Figure 2.GermlncRNA structure. The database consists of five main sections: Home, Data Search, Statistics, Help and Contact. The Data Search section provides the core lncRNA information by the help of three tabs—Search data, Select column and Export to Galaxy (48). A Glossary panel provides explanations for key terms in Data Search sections. Furthermore, the lncRNAs in search results can be visualized in UCSC Genome Browser or downloaded in a text (CSV) file.
Figure 3.Example of two annotated lncRNAs with similar loci, GlncRNA0062198 and GlncRNA0062199, as viewed in UCSC Genome Browser. As shown, the two lncRNAs have annotated loci of 3′-terminals differ by 2 bp and those of 5′-terminal by 104 bp. The former is annotated by NONCODE and fRNAdb, while the latter is annotated by fRNAdb only. Both of the lncRNAs were supported by Spga-specific SAGE, RNASeq and tiling array evidence, indicating a strong expression specifically in Spga. They are also covered by probes in lncRNA microarray and showed a stronger expression in neonatal testis than in adult testis. Furthermore, the expression is also supported by signals in PolyA sequencing data. They are located in the promoter region of a bidirectional protein-coding gene prolyl endopeptidase (Prep), whose expression is also Spga-specific, suggesting possible regulation in cis.
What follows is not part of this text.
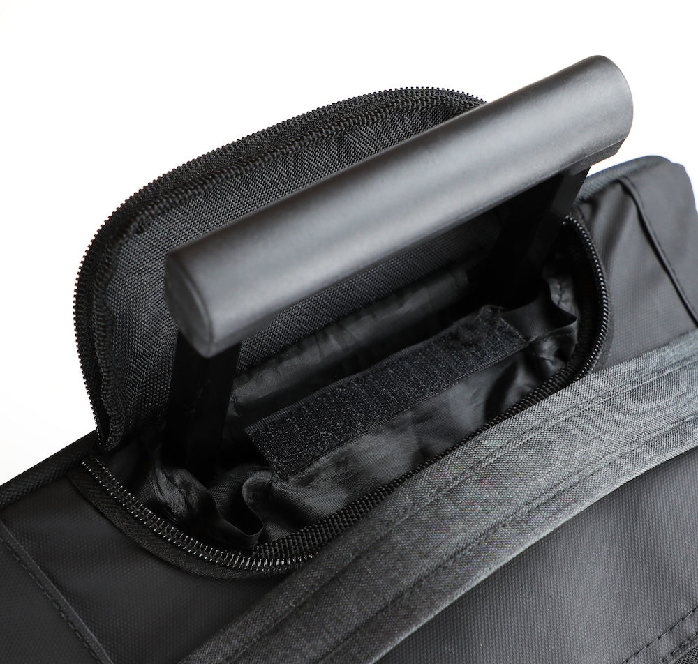 Zwei Räder und eine Standlösung machen ihn leicht und wendig. Der Teleskopgriff kann zum Schutz in einem Reissverschlussfach versteckt werden.

Figure 4.Example of a novel lncRNA, GlncRNA20990d, as viewed in UCSC Genome Browser. This lncRNA is intergenic and previously unannotated by any of the five public genomic databases. It has a gradually increasing expression along spermatogenesis, with specifically highest expression in Sptd, as supported by both SAGE and RNASeq data. A nearby upstream CAGE signal suggested the location of its 5′-terminal.
Figure 5.Percentages of annotated and novel lncRNAs associated with various regulatory features.